2.2 Global Energy Budget Flashcards
What is the global energy budget?
The atmosphere constantly receives solar energy, but there was always a balance until recently through radiation, convection and conduction. The atmosphere is largely heated from below, as lots of insolation is let through, re-emitted and then absorbed by greenhouse gases.
What are the proportions of the surface and atmospheric energy budget?
Surface: Insolation absorbed - 48% Outgoing radiation: Latent heat 25% sensible heat 5% LW radiation direct to space 12% Absorbed by GHGs in the atmosphere 6%
Energy budget of the atmosphere: gains: Absorbed radiation - 23% Latent heat transfer - 25% Sensible heat transfer - 5% Absorbed LW radiation - 6%
Losses:
Long wave radiation from the atmosphere to space - 59%
What is the general trend of the global energy budget? (latitude)
There is an excess of radiation in the tropics and a deficit at higher latitudes due to variations in global temperature. This is partly due to areas close to the equator receive more intense heat than the poles, due to higher amounts of atmosphere and concentration of insolation.
This creates a temperature gradient as air rises at the equator, forming low pressure areas which fall at the poles as the air sinks so there is high pressure, creating the basic model of circulation.
At areas of low pressure, we get anticyclonic conditions and at high pressure we get cyclonic conditions. The air is unstable at low pressures as heat rises, taking moisture with it creating tropical weather. When it moves to hot low pressure zones it creates a more complex circulation model.
This is also affected by the angle of incidence of the sun as there is a high angle at the equator so concentrated and low angles at the poles, so more energy is lost, scattered or reflected.
There is also higher albedo in polar regions - which may be offset by longer days. This may also be affected by the Earth’s orbit around the sun as it changes the angle of incidence.
Why are there pressure variations?
Pressure is represented by isobars on maps and will always move from areas of high pressure to low pressure.
Surface pressure belts show marked differences between the hemispheres. Over the arctic there is high pressure which is reduced by altitude. The subtropical high pressure belts can be seen over some ocean areas. In the northern hemisphere pressure tends to be more due to continentality leading to high pressure in the winter and low in the summer due to overheating. Pressure also decreases with altitude.
The poles tend to have high pressure, however it is reduced by the altitude. There is an area of subtropical high pressure around 30 degrees in the Hadley cell. Continental areas have high fluctuations - low in summer and high in winter.
At the equator there is low pressure due to high levels of insolation. Pressure is usually lower in temperate areas than subtropical areas - during winter there is high pressure over Canada and Siberia.
What are monsoons?
Monsoons occur when there is a seasonal reversal of winds, causing changes in precipitation. This mainly occurs in Asia as the wind blows from high pressure sea to continental Asia in the winter, but pulls southern trade winds into low pressure areas in the summer. Monsoons always blow from cold to warm regions.

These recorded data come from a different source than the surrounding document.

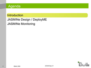 Le document présente l'agenda d'une session sur les outils Jasmine pour la conception, le déploiement et la surveillance d'architectures middleware distribuées. Il aborde les cibles actuelles en Java EE et virtualisées, ainsi que les futures plates-formes SOA et cloud computing. Les outils Jasmine incluent des fonctionnalités pour la supervision en temps réel, l'analyse post-mortem, et des actions automatisées via divers systèmes de notification.
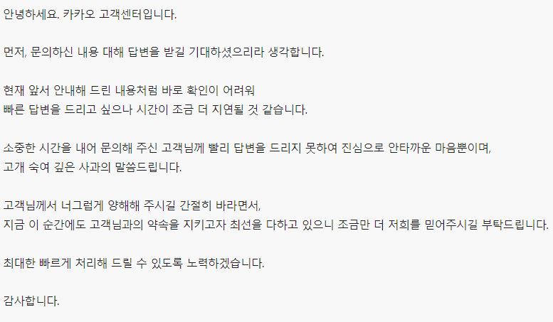 * 세번째 카카오 답신입니다. 시간 끌기입니다. 거 보라구요? 아뇨, 고객센터 상담원이 무슨 사실 확인 역량이 있습니까? 이 문제가 위로 전달되어야 하는 겁니다. 위에서 답이 올 때까지 상담원은 계속 반복적으로 이런 메시지를 보낼 수밖에 없습니다.
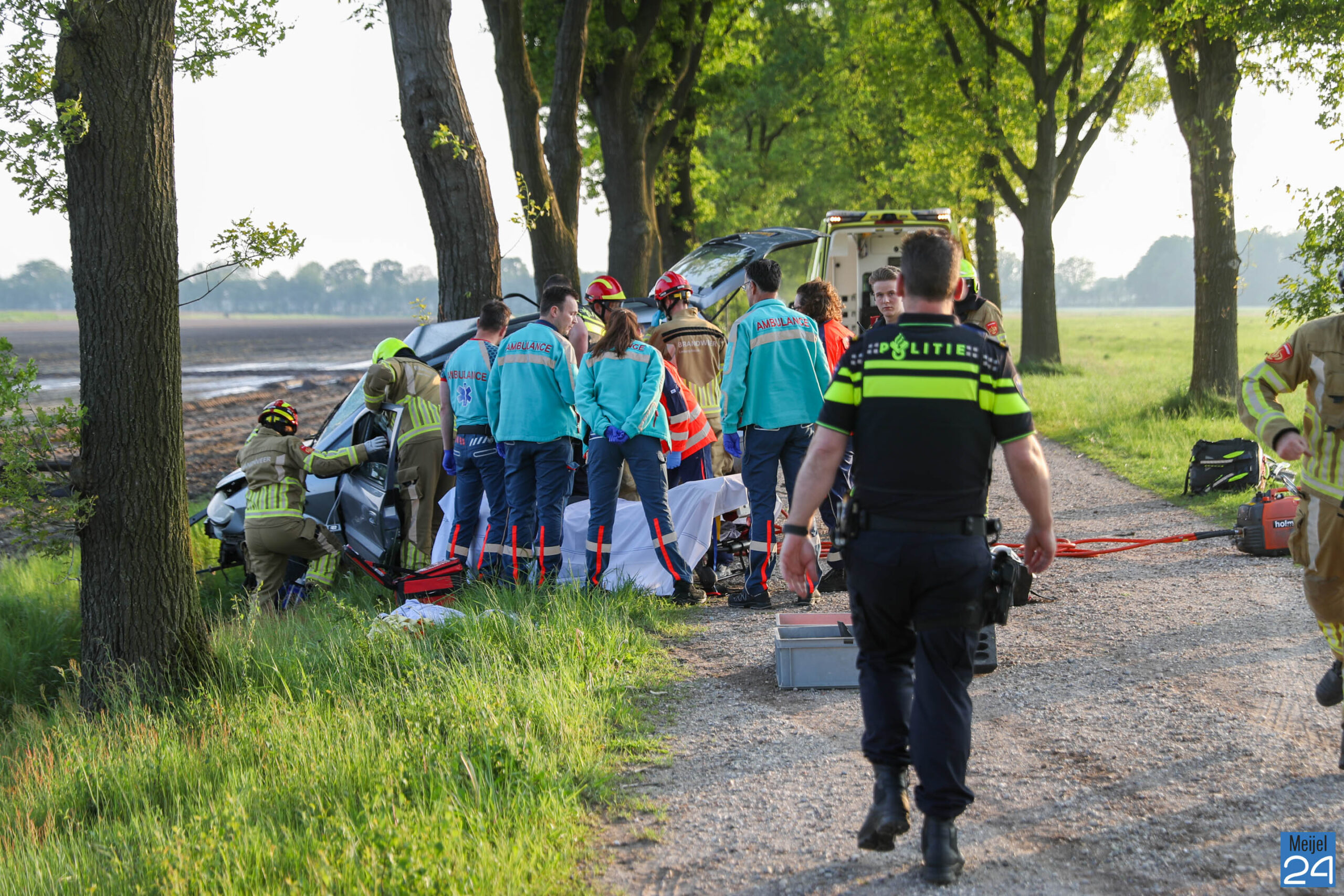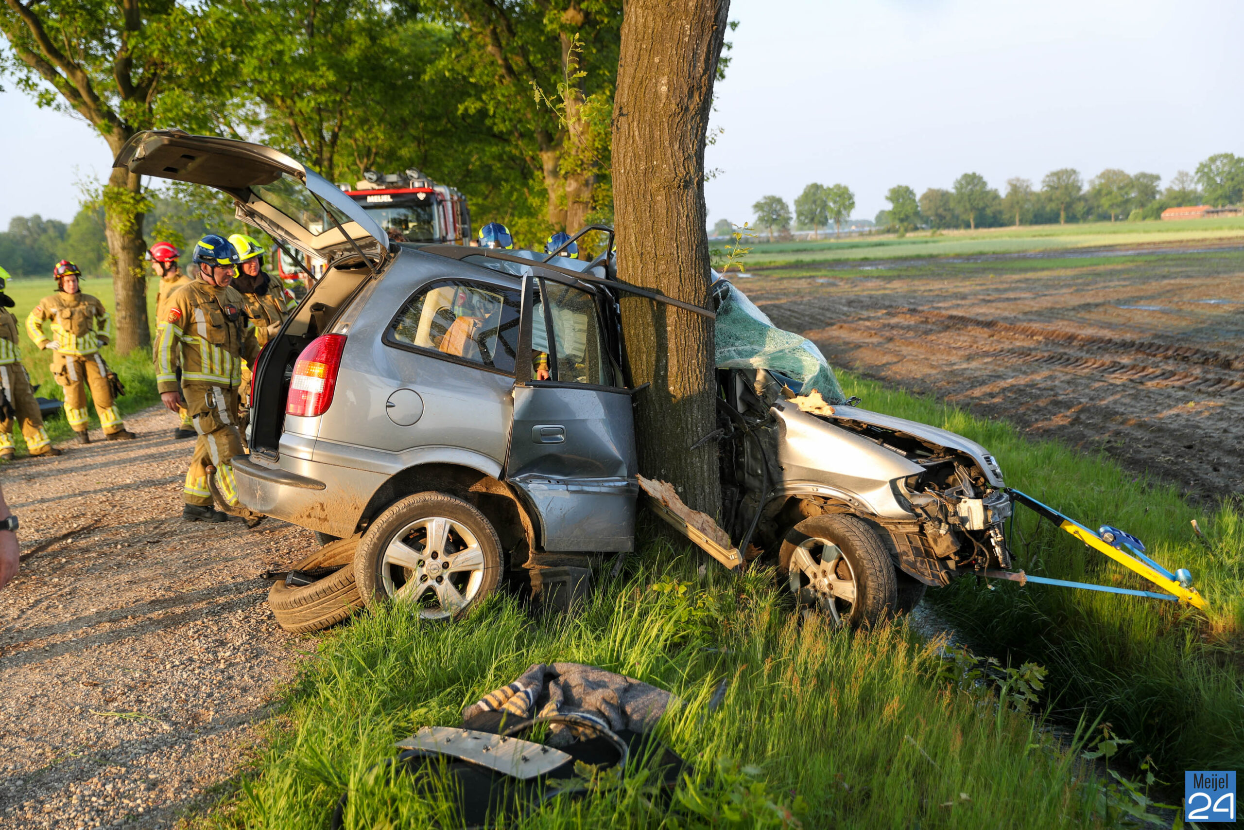De bestuurder van de auto is waarschijnlijk rechts naast het zandpad geraakt en vervolgens aan de overkant van de weg, links tegen een boom gebotst. De auto was om de boom heen gevouwen.

What is the general model of the global energy budget?
100% insolation
48% absorbed by surface
5% scattered by atmosphere, 18% reflected by clouds, 6% reflected by surface.

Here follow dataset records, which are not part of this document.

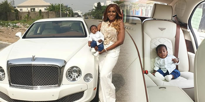 Linda Ikeji, a successful Nigerian gossip blogger has took to her Instagram page to show off her newly landed Bentley Mulsanne she ordered for her kid while still pregnant.
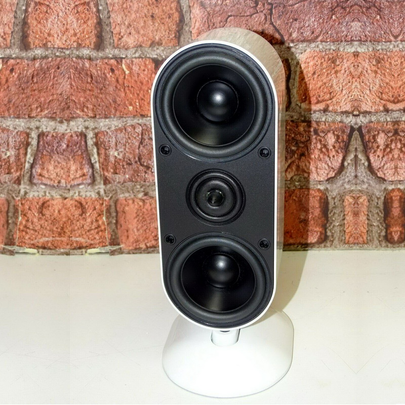 Расположены они симметрично по принципу Д’Апполито, что даёт широкую диаграмму направленности. Алюминиевый корпус с закруглёнными стенками обеспечивает минимум резонансов и отражений. Оформление закрытое, и при таком объёме нижняя граница заявлена 95 Гц. Это нормально — нижний регистр всё равно поручен сабвуферу, а акустика в герметичном корпусе звучит динамичнее и быстрее, чем с фазоинвертором.
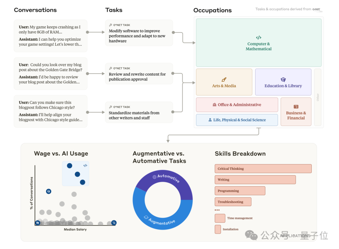 概括而言,通过对Claude平台400万+匿名对话数据的分析,Anthropic构建起了衡量AI在经济活动中使用模式的框架,以此揭示AI在不同任务、职业中的应用情况,并最终探讨了其对经济的影响。
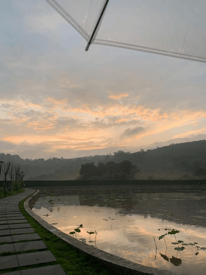 校园风光,镜花水月,映日河潭,彩云飘飘。这是雨停之初,万物从雨水击打的沉浸感中释然的美,镜湖上映照的是天边泛光的彩云,就着如此美景,在伞下撑着伞,度过了这场雨。
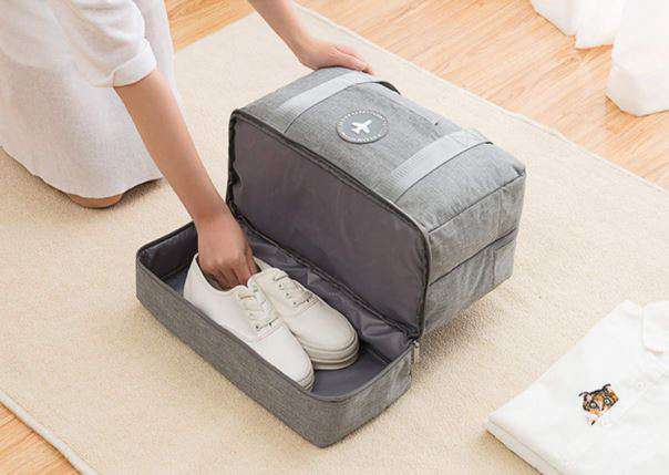 El acceso principal está pensado para artículos de mayor uso, el impermeable para dejar la ropa sucia, húmeda o botellas que puedan contaminar el resto del bolso. Y debajo va el calzado en un acceso súper cómodo.
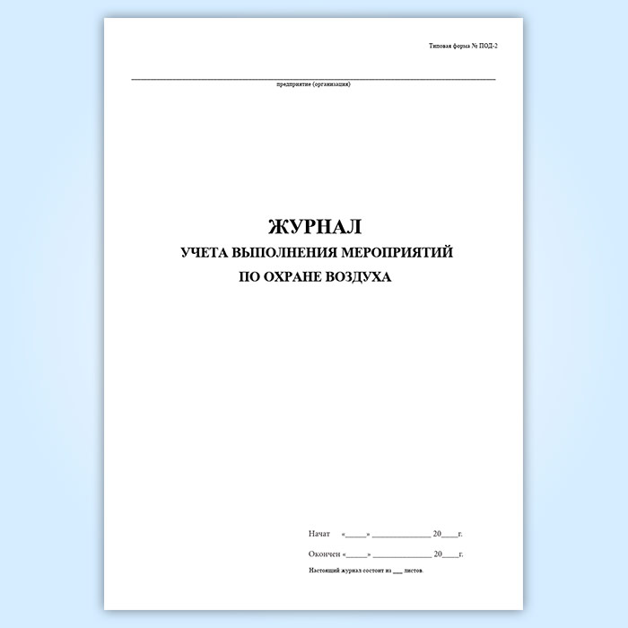 Журнал учета выполнения мероприятий по охране воздуха (форма ПОД-2) в Альметьевске купить
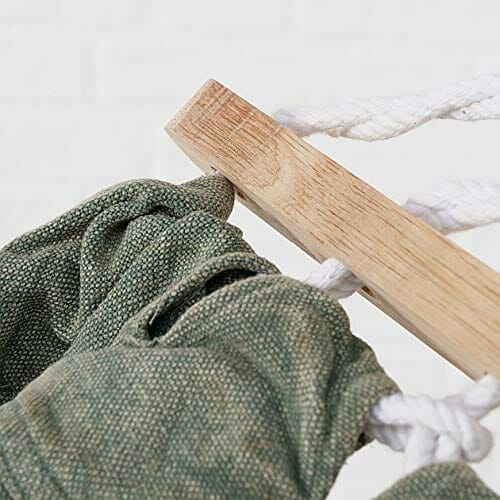 • CasaJame: hamak kolorowy khaki z frędzlami na końcach. Idealnie nadaje się do zawieszenia w ogrodzie, na tarasie lub na balkonie.
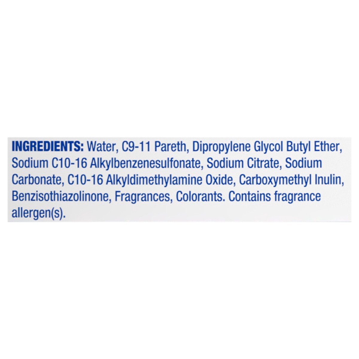 Water, C9-11 Pareth, Dipropylene Glycol Butyl Ether, Sodium C10-16 Alkylbenzenesulfonate, Sodium Citrate, Sodium Carbonate, C10-16 Alkyldimethylamine Oxide, Carboxymethyl Inulin, Benzisothiazolinone, …
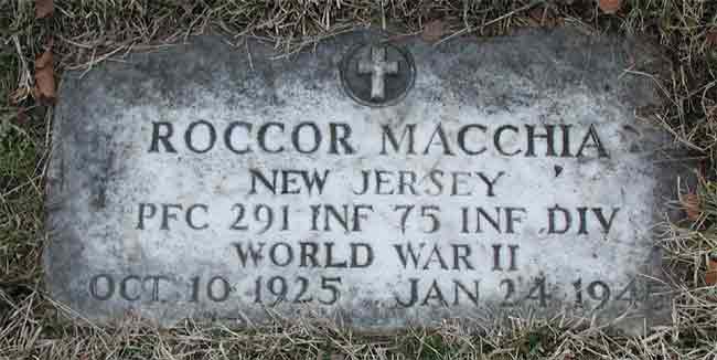 him. Rocco Macchia was killed in action in January of 1945 in Belgium, while serving with the 291st Infantry Regiment, 75th Infantry Division in fighting in the Salm River valley, during the Battle of the Bulge. He was survived by his parents of 241 Chestnut Street, Camden NJ. Rocco Macchia was brought home aboard the USAT Joseph V. Connolly , arriving October 27, 1947. He was buried at Calvary Cemetery in what was them Delaware Township (present day Cherry Hill) NJ, where he rests next to his parents and his maternal grandfather. |

6% emitted as long wave radiation, 5% sensible heat transfer, 25% condensation, 5% scattered to atmosphere, 14% absorbed by atmosphere, 4% absorbed by clouds causing 59% to be received by the atmosphere where it is then lost to space.
How does altitude affect the global energy budget?

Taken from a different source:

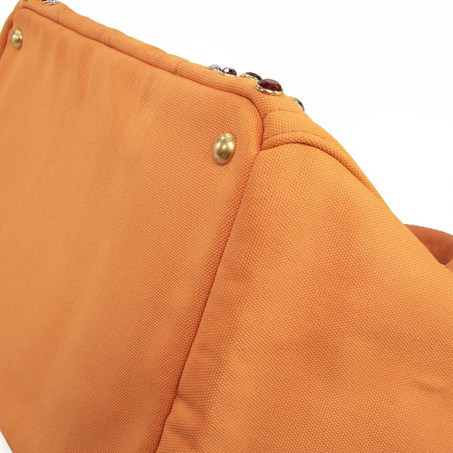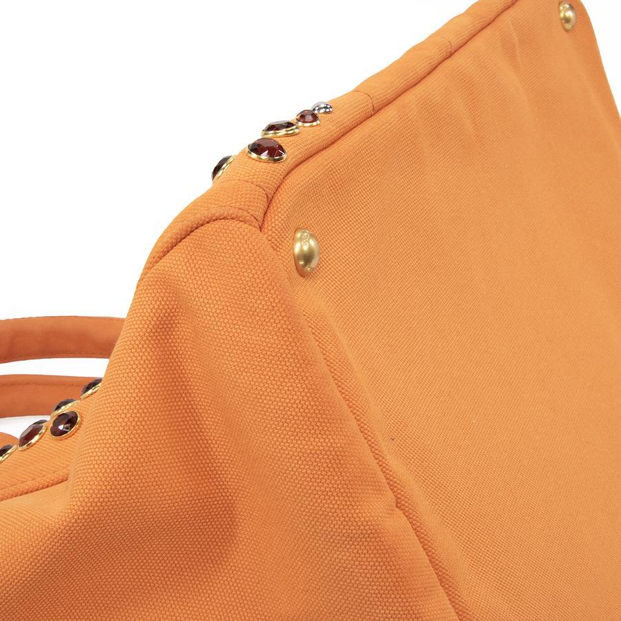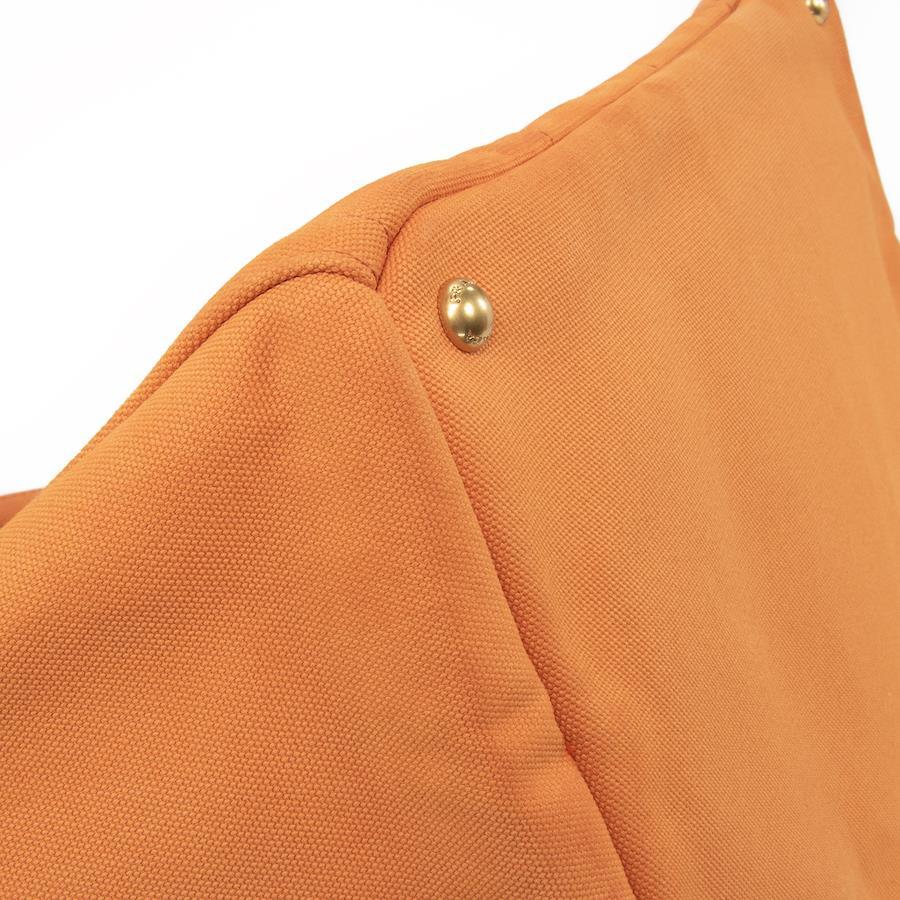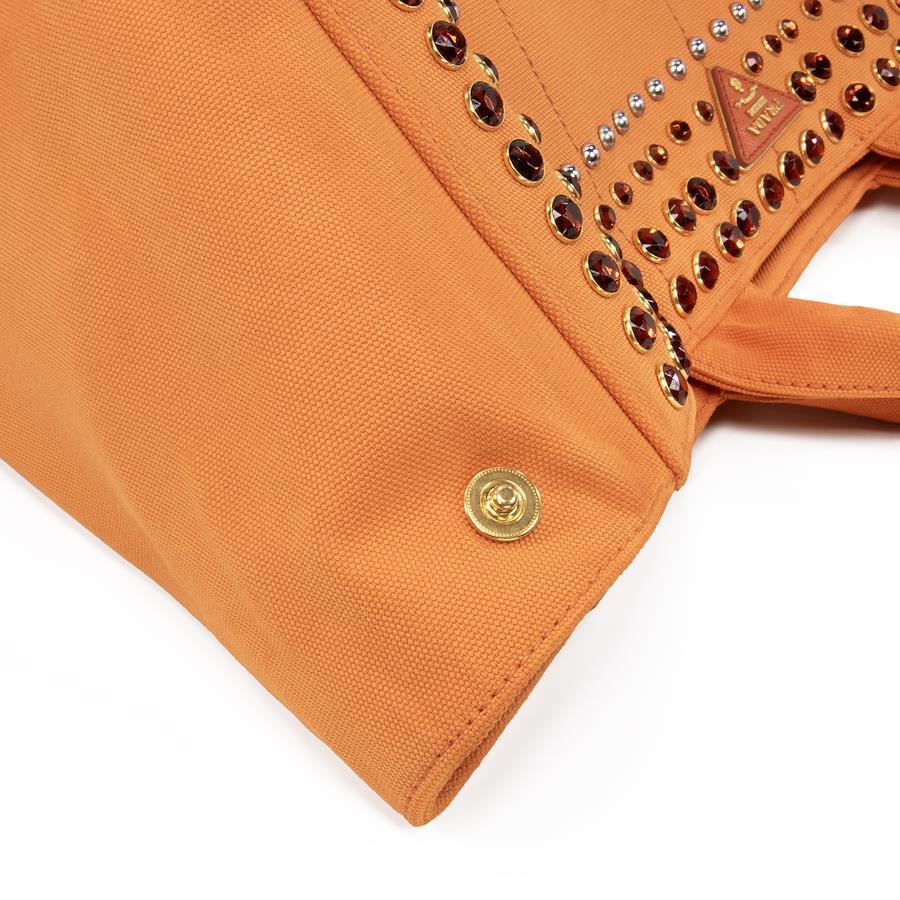 鮮やかなオレンジのキャンバス地に、大小様々なスタッズがきらびやかに輝き、リッチなアクセントを添えます。

In the troposphere the temperature starts to fall. Furthermore, as less air is in contact with the ground, and air molecules are more spaced out there is less radiation from the ground to the air molecules which heat the air.
What are wind belts?
Wind belts are air masses which are separated from different air masses by frontal zones. The sub tropical high pressure belts are the source regions for warm tropical air masses which undergo lots of heating as heat is moved from areas of surplus towards the poles.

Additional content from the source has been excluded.